Brocker-Knapp said she understands people are frustrated and that she shares some of that frustration herself. “But I think limiting ourselves to one vision has not proven to be effective — and I think making the perfect the enemy of the good, which is often said in this community — is not helpful.”
In a new system, a patient may be dropped off at a crisis stabilization center, then go through withdrawal management at another facility, then need admission to an assessment treatment center, then into supportive housing or longer term care. While Washington County has plans for a campus that offers all these services at one location, transportation would be an issue with Multnomah County’s new plan, and that’s something Dodge said the county is looking at.

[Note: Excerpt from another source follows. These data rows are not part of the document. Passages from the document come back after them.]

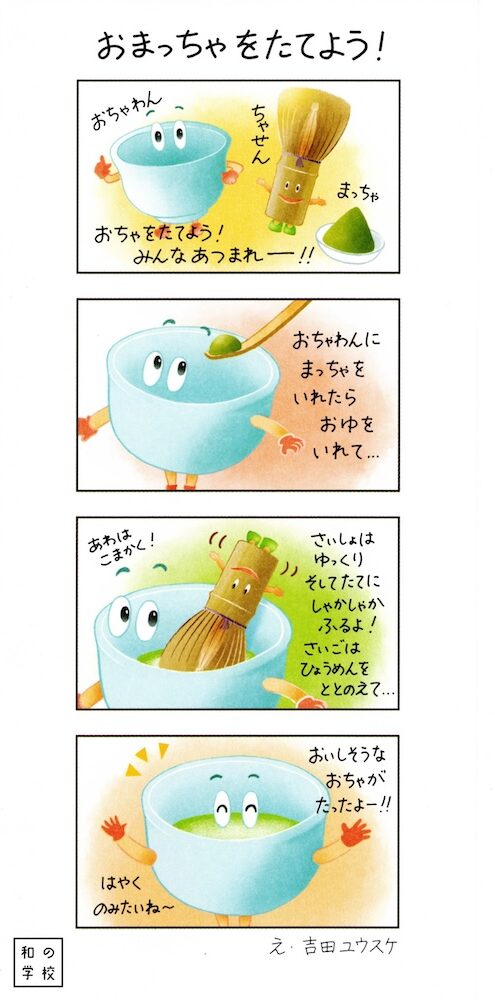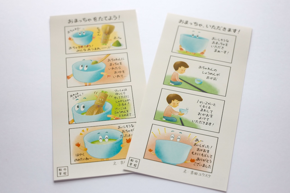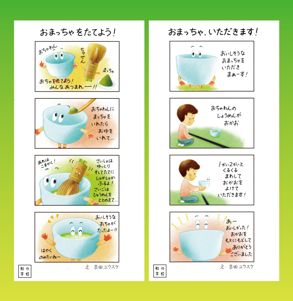 以前作画を担当しました「茶のゆのくに まっちゃマン」に登場したお茶の道具のキャラクターの「ちゃせんちゃん」と「ちゃわわん」が登場しています^^
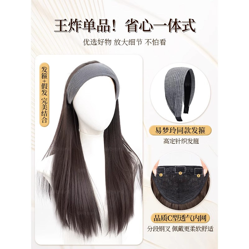 发箍假发一体长直发半全头套女高颅顶帽子长发黑长直仿真发假发套
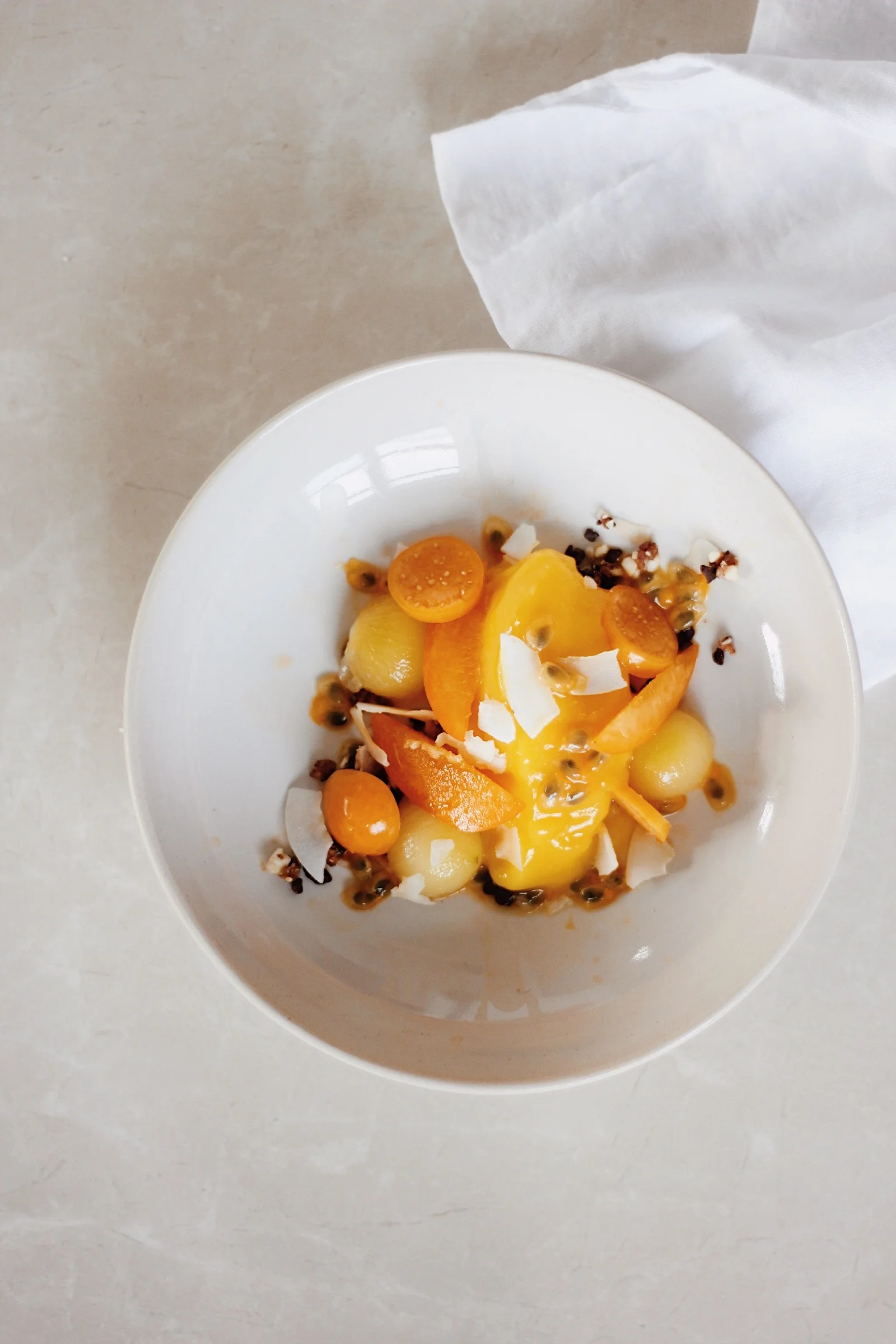 Ta ut mango sorbet av frysen og topp med toppings. Nyt!

Brocker-Knapp said that without having that facility already in existence, it would take years to stand up, and she wants “something in the immediate term that actually serves people who are on the streets today.”
Ideally, the new network would continue to coordinate with local coordinated care organizations, which provide services to low-income Oregon Health Plan members, Dodge said, and also bring in the area’s Measure 110-funded Behavioral Health Resource Networks.
It’s not a panacea, planners say, but it’s a start.
And what happens after a person receives sobering or stabilization services?
Dodge hopes a new network will work to address that gap in services as well, but in the meantime, bed shortages present a challenge.
Meieran said that’s still a big missing piece.
“There’s no long-term stabilization transition for people who get these services and continue to need some pretty intense services,” Meieran said. “That’s the elephant in the room.”